▶ Data for this task
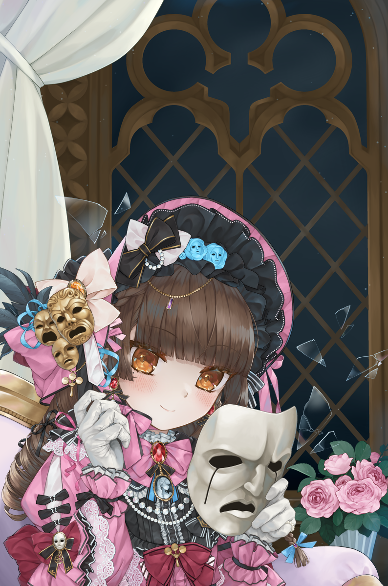 1girl black_shirt blue_bow blue_ribbon blush bonnet bow bowtie braid braided_sidelock broken_glass brooch brown_eyes brown_hair cameo_(jewelry) commentary couch curtains drill_hair english_commentary flower frilled_wrist_cuffs frills gem glass gloves grey_gloves hair_bow hat hat_bow holding holding_mask jewelry light_particles lips lolita_fashion long_hair looking_at_viewer mask mask_on_hat necklace on_couch orange_gem original pearl_necklace pendant pink_bonnet pink_bow pink_bowtie pink_flower pink_rose pink_sleeves plant potted_plant red_gem ribbon rose seisakgg shirt sitting smile solo vase window wrist_cuffs
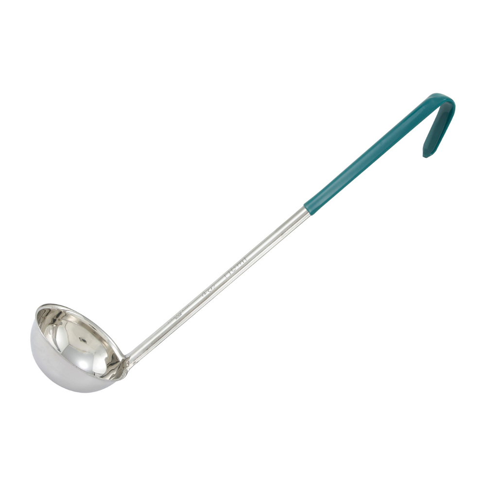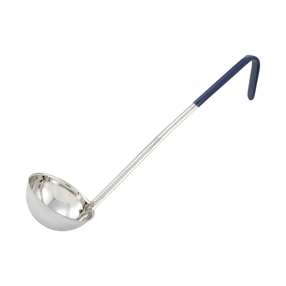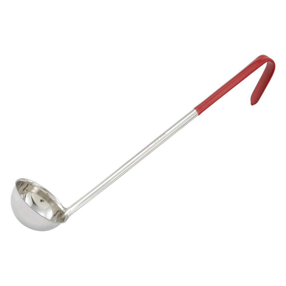 - The One-Piece Stainless Steel Ladle with Color-Coded Handles is a product from Winco that comes in different sizes ranging from 1/2 oz to 12 oz. It is made from durable stainless steel and features a one-piece construction for easy cleaning and maintenance. The color-coded handles make it easy to identify the different sizes, making it perfect for busy kitchens and restaurants. The ladle can be used for serving soups, stews, sauces, gravies, and other liquids. With its sturdy construction and ergonomic design, this ladle is a reliable and essential tool for any kitchen.
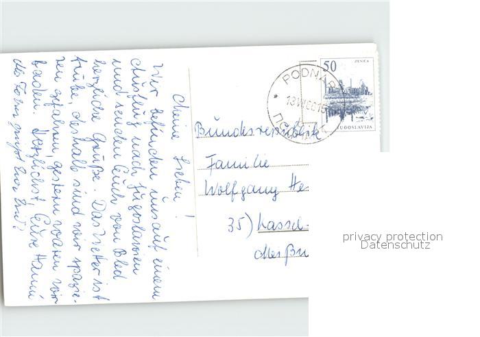 old postcard Podnart Insel Kirche Fliegeraufnahme postalisch gelaufen Erhaltung siehe scans
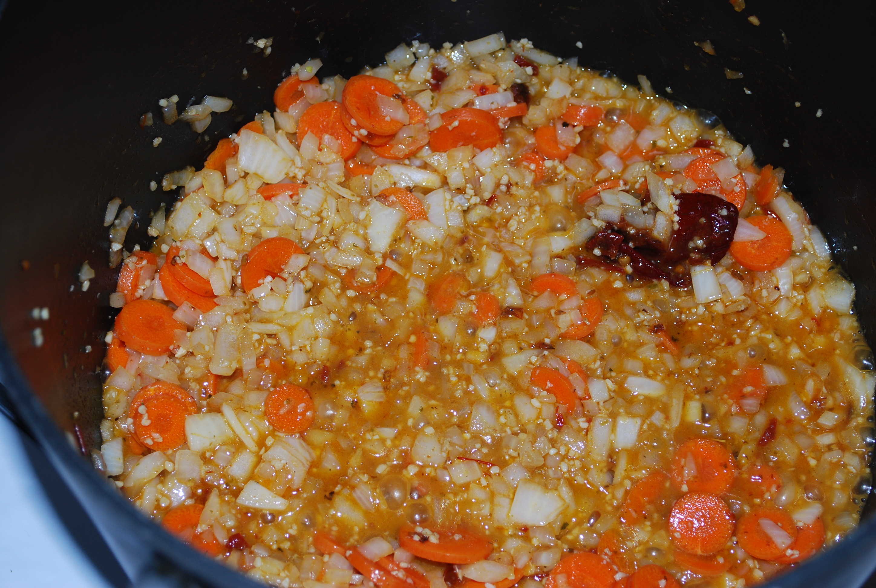 1. Sauté the dried spices, onions, carrot and garlic along with the garlic salt. If you are using canned beans then by all means use less garlic salt
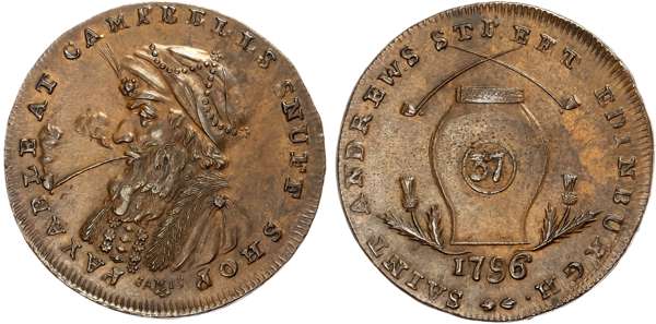 Loth. Edinburgh , Euphame Campbell Halfpenny 1796, Turbaned Turk’s bust left, smoking a pipe, rev . Tobacco jar marked …
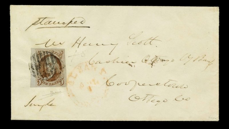 15 c 1b image#1b, 5c Orange brown, select left sheet-margin example tied to lovely clean white cover by both black circular grid and just a bit of red Albany, N.Y. town c.d.s., addressed to Copperstown, N.Y., stamp with sizable sheet margin at left and other margins ample to large, especially deep color and a sharp impression, cover very lightly and professionally cleaned, a very fine and wonderfully choice 1847 cover; accompanied by conflicting certificates regarding its shade identification, February 1997 PF certificate states it is a red brown (which, while deep in color, is clearly not a red brown), July 1997 PSE certificate correctly identifies this as an orange brown and is being sold subject to this certificate. (Image) Est. 750-1,000

▶ Problem
Nothing but the lines from the beginning of the material above through the line containing "Loth. Edinburgh , Euphame" should appear in the answer, copied exactly and free of pictures.

▶ Result for this task
 1girl black_shirt blue_bow blue_ribbon blush bonnet bow bowtie braid braided_sidelock broken_glass brooch brown_eyes brown_hair cameo_(jewelry) commentary couch curtains drill_hair english_commentary flower frilled_wrist_cuffs frills gem glass gloves grey_gloves hair_bow hat hat_bow holding holding_mask jewelry light_particles lips lolita_fashion long_hair looking_at_viewer mask mask_on_hat necklace on_couch orange_gem original pearl_necklace pendant pink_bonnet pink_bow pink_bowtie pink_flower pink_rose pink_sleeves plant potted_plant red_gem ribbon rose seisakgg shirt sitting smile solo vase window wrist_cuffs
 - The One-Piece Stainless Steel Ladle with Color-Coded Handles is a product from Winco that comes in different sizes ranging from 1/2 oz to 12 oz. It is made from durable stainless steel and features a one-piece construction for easy cleaning and maintenance. The color-coded handles make it easy to identify the different sizes, making it perfect for busy kitchens and restaurants. The ladle can be used for serving soups, stews, sauces, gravies, and other liquids. With its sturdy construction and ergonomic design, this ladle is a reliable and essential tool for any kitchen.
 old postcard Podnart Insel Kirche Fliegeraufnahme postalisch gelaufen Erhaltung siehe scans
 1. Sauté the dried spices, onions, carrot and garlic along with the garlic salt. If you are using canned beans then by all means use less garlic salt
 Loth. Edinburgh , Euphame Campbell Halfpenny 1796, Turbaned Turk’s bust left, smoking a pipe, rev . Tobacco jar marked …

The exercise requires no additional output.